A script to change password for all other servers

Hey Gurus,

I have this requirement to change the password for other servers remotely from one server. So, I installed public keys on all servers and wrote the following script to do the job. Something appears to be wrong with my loop, as it only changes one server and ignores the rest. I'm testing the script with a test data file with about 5 servers in it. The data file is the command-line argument to the script. Can you please tell me what's wrong and how to fix it?

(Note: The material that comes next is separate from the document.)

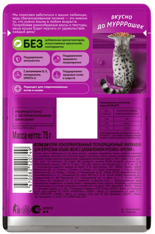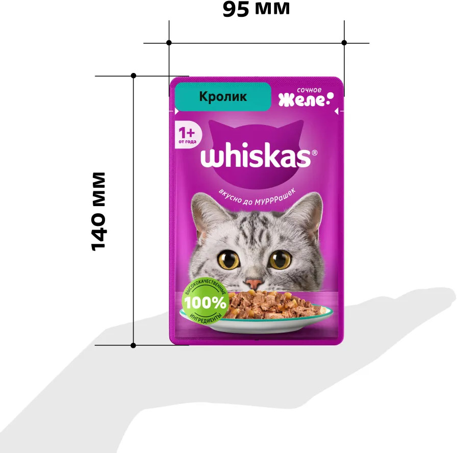 Это сбалансированный рацион, приготовленный именно так, как любит ваша кошка. Отборные мясные кусочки с телятиной в аппетитном желе придутся по вкусу вашей любимице. Рацион Whiskas содержит все необходимое, чтобы еда вашей кошки была не только вкусной, но и полезной. Whiskas поддержит иммунитет, позаботится о здоровом пищеварении и здоровье кожи и шерсти вашей кошки. Подходит для стерилизованных котов и кошек. Ваша кошка будет мурчать от удовольствия!
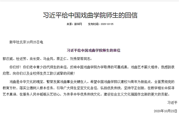 习近平总书记2020年10月23日给郭汉城、杜近芳、尚长荣、马金凤、蔡正仁、刘秀荣等中国戏曲学院师生回信,对他们传承发展好戏曲艺术提出殷切期望。

As always, I truly appreciate this community effort. You guys are truly awesome; thank you very much.

#!/bin/bash
##data file name is passed in as argument to .sh script
filename="$1"
while  read -r line
do
        ##newPassword and username are placeholders
        ssh $line 'echo -e "TestPW\nTestPW" | passwd SomeUser'
done < "$filename"

Hi,

I think that this behaviour is being caused by the use of a 'while read' loop to drive the 'ssh' command. The way input is read in and processed in this particular script may not actually be what you'd expect. Instead of it looping nicely around, the entirety of your arguments end up being passed to 'ssh' in one glob, and it's just doing the first one.

Maybe try a 'for' loop instead ? So something like:

##data file name is passed in as argument to .sh script
filename="$1"
for server in `cat $1`
do
        ##newPassword and username are placeholders
        ssh $server 'echo -e "TestPW\nTestPW" | passwd SomeUser'
done

See if that works, and let us know how you get on.

1 Like

maybe -n option for ssh is missing as its a script... Otherwise ssh is tempted to read StdIN which here is void...

1 Like

@drysdalk, I copied and pasted your version, it just hangs, I never get the prompt back.

@vbe, it does work just the way it is, but it only processes one server and not all in the list.

Thanks guys.

Hi,

(Edit)

Just checking, but are you running it with the filename as an argument ? e.g. ./script.sh serverlist.txt or something like that ? The script takes the first argument ($1) as the filename to be read and processed.

I ask becasue if you were just running ./script.sh on its own will never return a prompt, which is what you describe. In that usage case it would be sitting waiting for you to type in the input yourself, and would only proceed with execution after you did a Ctrl-D or otherwise indicated the end of input.

It's also possible of course that the issue is with the ssh or passwd parts of the script now as well. You may need different flags to passwd, something like passwd --stdin on a Red Hat-style system.

1 Like

Yeah, I'm running it exactly like that,

root@testserver1# ./pwchange.sh pwchange.dat

and my pwchange.dat is formatted as follows:

server1
server2
server3
server4
server5

With the while loop, it did read the pwchange.dat file, but it only changed the password for one server. And I got the prompt back.
With the for loop, ctrl-D does nothing, but ctrl-C breaks out of the script and give me the prompt back w/o doing anything.

Also, my environment is a mix of Solaris 10 and Linux (RHEL & SUSE). My script with the while loop does change one password, it changes either Solaris or Linux server. So, looks like the ssh & passwd commands are both OK.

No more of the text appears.